Task instructions -
Reproduce from the records below, with no pictures, exactly the lines between the one containing "1月14日清晨,杭州淳安县千" and the one containing "Elevate your gifting", inclusive.

Records for this exercise -
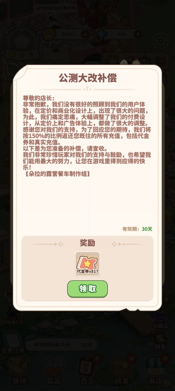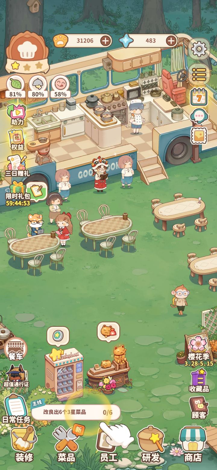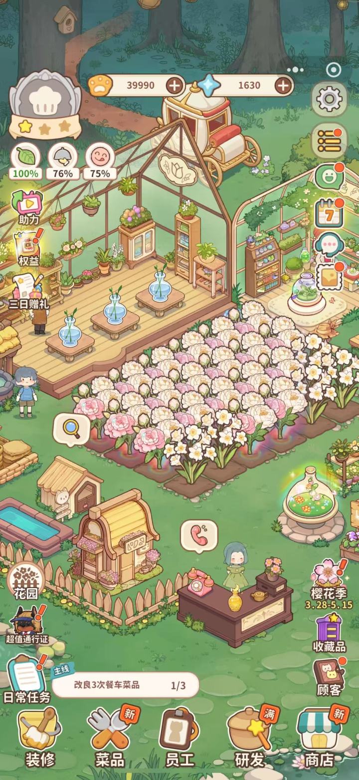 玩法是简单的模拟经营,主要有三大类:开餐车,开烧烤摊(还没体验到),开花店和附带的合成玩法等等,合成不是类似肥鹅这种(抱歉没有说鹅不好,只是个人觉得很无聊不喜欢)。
---
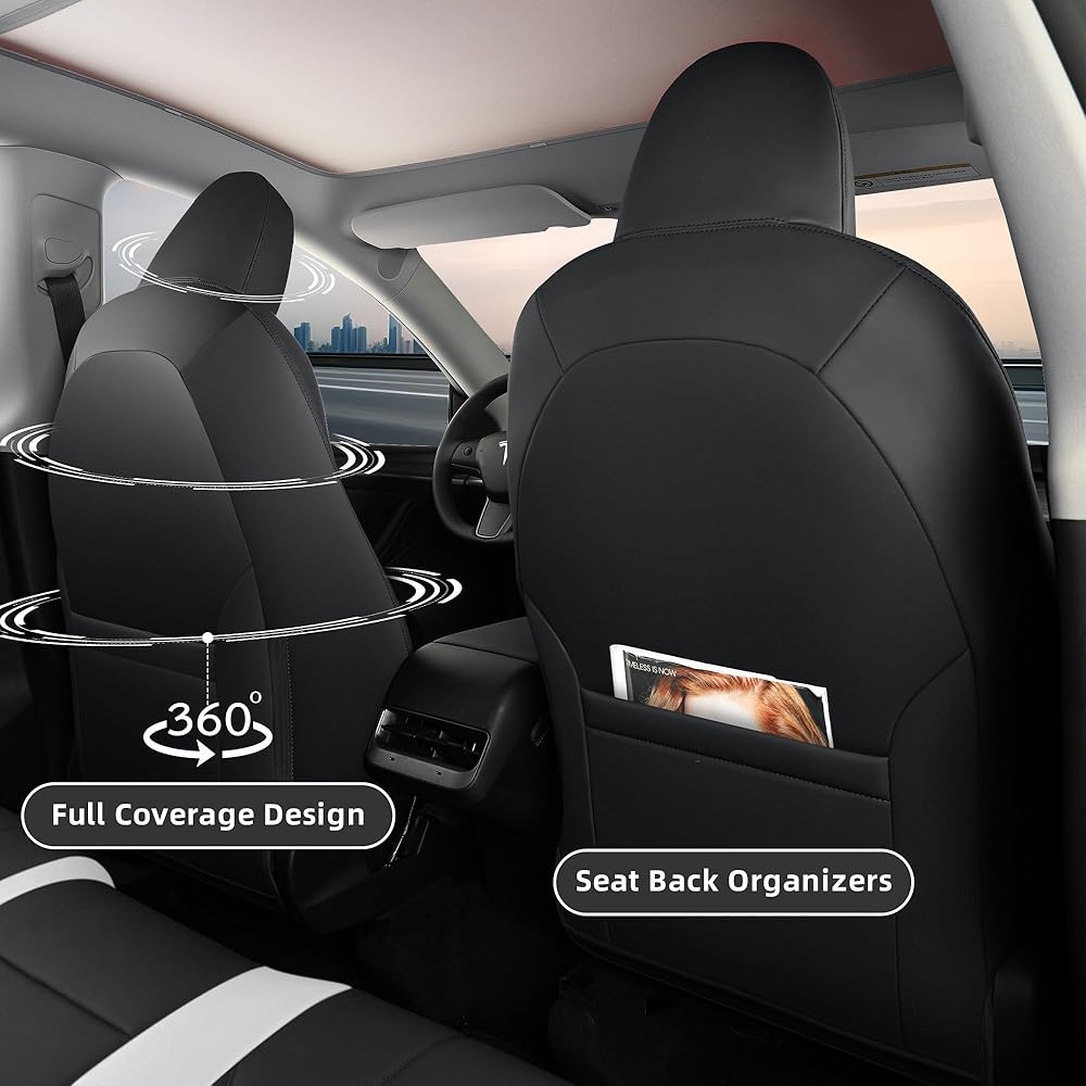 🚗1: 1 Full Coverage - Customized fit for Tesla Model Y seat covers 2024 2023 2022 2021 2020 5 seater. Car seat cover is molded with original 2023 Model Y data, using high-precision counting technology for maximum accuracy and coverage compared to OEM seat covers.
==
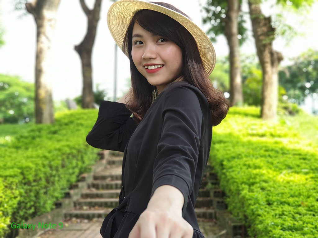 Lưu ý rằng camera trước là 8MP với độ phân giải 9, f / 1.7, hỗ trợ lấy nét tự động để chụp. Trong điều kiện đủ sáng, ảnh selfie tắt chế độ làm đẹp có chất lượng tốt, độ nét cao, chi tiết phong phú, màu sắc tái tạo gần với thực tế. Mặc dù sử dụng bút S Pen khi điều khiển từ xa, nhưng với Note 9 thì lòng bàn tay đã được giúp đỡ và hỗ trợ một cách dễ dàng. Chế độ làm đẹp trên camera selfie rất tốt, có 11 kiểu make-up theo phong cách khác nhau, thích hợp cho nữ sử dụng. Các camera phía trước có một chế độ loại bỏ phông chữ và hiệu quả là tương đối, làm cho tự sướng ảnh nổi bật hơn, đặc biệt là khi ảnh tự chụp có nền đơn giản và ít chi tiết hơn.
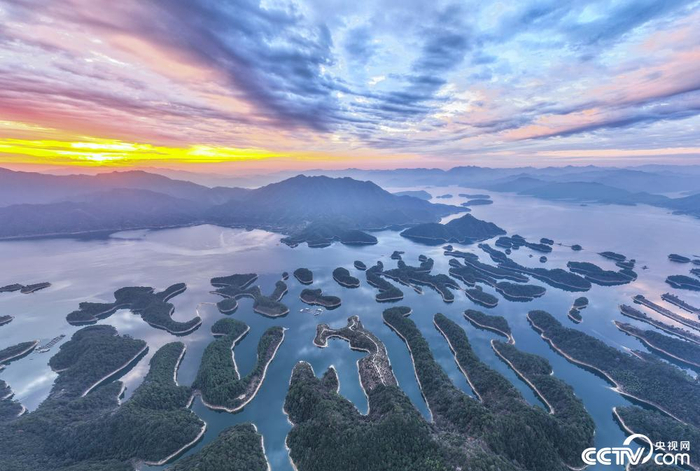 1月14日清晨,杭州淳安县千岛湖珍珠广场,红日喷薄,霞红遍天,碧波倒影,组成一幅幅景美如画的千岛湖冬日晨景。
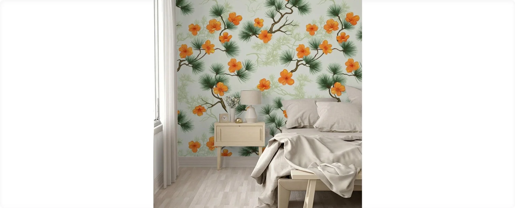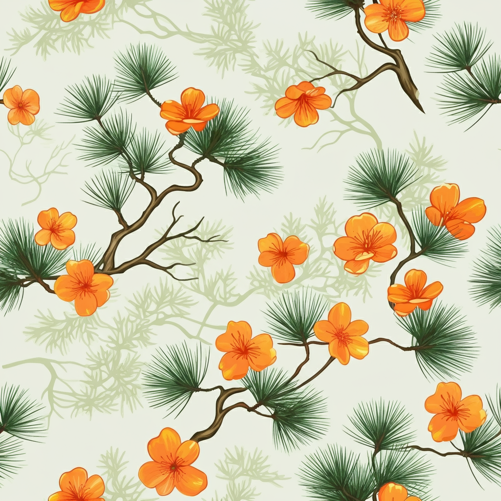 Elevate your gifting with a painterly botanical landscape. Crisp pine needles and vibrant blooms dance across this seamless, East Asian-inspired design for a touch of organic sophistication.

Solution to the problem -
 1月14日清晨,杭州淳安县千岛湖珍珠广场,红日喷薄,霞红遍天,碧波倒影,组成一幅幅景美如画的千岛湖冬日晨景。
 Elevate your gifting with a painterly botanical landscape. Crisp pine needles and vibrant blooms dance across this seamless, East Asian-inspired design for a touch of organic sophistication.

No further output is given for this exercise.